== TASK GOAL ==
When you reach the line containing "ISO 9002 Certification", begin copying exactly, and keep going through the last line of the records below, copying nothing before it.

== ENTRIES SUPPLIED ==
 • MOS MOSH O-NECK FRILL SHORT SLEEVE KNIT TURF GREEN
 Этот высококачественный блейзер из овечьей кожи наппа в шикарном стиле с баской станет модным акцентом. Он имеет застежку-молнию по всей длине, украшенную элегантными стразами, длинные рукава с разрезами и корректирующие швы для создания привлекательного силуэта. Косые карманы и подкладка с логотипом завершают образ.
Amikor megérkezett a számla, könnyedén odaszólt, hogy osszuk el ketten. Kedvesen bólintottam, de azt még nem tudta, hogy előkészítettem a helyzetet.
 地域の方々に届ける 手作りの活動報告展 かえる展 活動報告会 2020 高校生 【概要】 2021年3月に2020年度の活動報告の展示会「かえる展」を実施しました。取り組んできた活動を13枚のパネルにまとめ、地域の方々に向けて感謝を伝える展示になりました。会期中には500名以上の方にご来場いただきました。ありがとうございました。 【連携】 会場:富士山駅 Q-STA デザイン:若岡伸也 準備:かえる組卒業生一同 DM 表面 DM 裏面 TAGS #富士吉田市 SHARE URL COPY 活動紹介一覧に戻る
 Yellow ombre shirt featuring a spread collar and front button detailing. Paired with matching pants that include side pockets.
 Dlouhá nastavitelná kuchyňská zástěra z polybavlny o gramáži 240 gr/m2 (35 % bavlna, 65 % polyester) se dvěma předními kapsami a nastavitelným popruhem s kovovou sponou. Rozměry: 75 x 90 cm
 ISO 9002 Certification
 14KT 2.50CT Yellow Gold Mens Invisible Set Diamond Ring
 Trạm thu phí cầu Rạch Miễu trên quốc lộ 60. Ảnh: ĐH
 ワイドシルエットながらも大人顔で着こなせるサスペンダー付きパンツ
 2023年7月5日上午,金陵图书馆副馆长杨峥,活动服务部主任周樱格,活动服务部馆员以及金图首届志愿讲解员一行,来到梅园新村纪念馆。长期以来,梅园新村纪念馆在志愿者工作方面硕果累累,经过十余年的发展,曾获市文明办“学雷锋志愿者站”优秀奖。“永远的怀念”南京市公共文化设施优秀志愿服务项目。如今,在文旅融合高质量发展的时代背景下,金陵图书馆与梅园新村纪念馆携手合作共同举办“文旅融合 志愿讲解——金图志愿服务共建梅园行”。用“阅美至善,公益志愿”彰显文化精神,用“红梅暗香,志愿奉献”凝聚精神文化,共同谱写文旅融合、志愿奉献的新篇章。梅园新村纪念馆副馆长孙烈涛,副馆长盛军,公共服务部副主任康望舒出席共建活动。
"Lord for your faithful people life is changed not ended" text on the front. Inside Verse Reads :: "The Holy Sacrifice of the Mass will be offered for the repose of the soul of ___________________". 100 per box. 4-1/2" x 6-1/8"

== EXERCISE SOLUTION ==
 ISO 9002 Certification
 14KT 2.50CT Yellow Gold Mens Invisible Set Diamond Ring
 Trạm thu phí cầu Rạch Miễu trên quốc lộ 60. Ảnh: ĐH
 ワイドシルエットながらも大人顔で着こなせるサスペンダー付きパンツ
 2023年7月5日上午,金陵图书馆副馆长杨峥,活动服务部主任周樱格,活动服务部馆员以及金图首届志愿讲解员一行,来到梅园新村纪念馆。长期以来,梅园新村纪念馆在志愿者工作方面硕果累累,经过十余年的发展,曾获市文明办“学雷锋志愿者站”优秀奖。“永远的怀念”南京市公共文化设施优秀志愿服务项目。如今,在文旅融合高质量发展的时代背景下,金陵图书馆与梅园新村纪念馆携手合作共同举办“文旅融合 志愿讲解——金图志愿服务共建梅园行”。用“阅美至善,公益志愿”彰显文化精神,用“红梅暗香,志愿奉献”凝聚精神文化,共同谱写文旅融合、志愿奉献的新篇章。梅园新村纪念馆副馆长孙烈涛,副馆长盛军,公共服务部副主任康望舒出席共建活动。
"Lord for your faithful people life is changed not ended" text on the front. Inside Verse Reads :: "The Holy Sacrifice of the Mass will be offered for the repose of the soul of ___________________". 100 per box. 4-1/2" x 6-1/8"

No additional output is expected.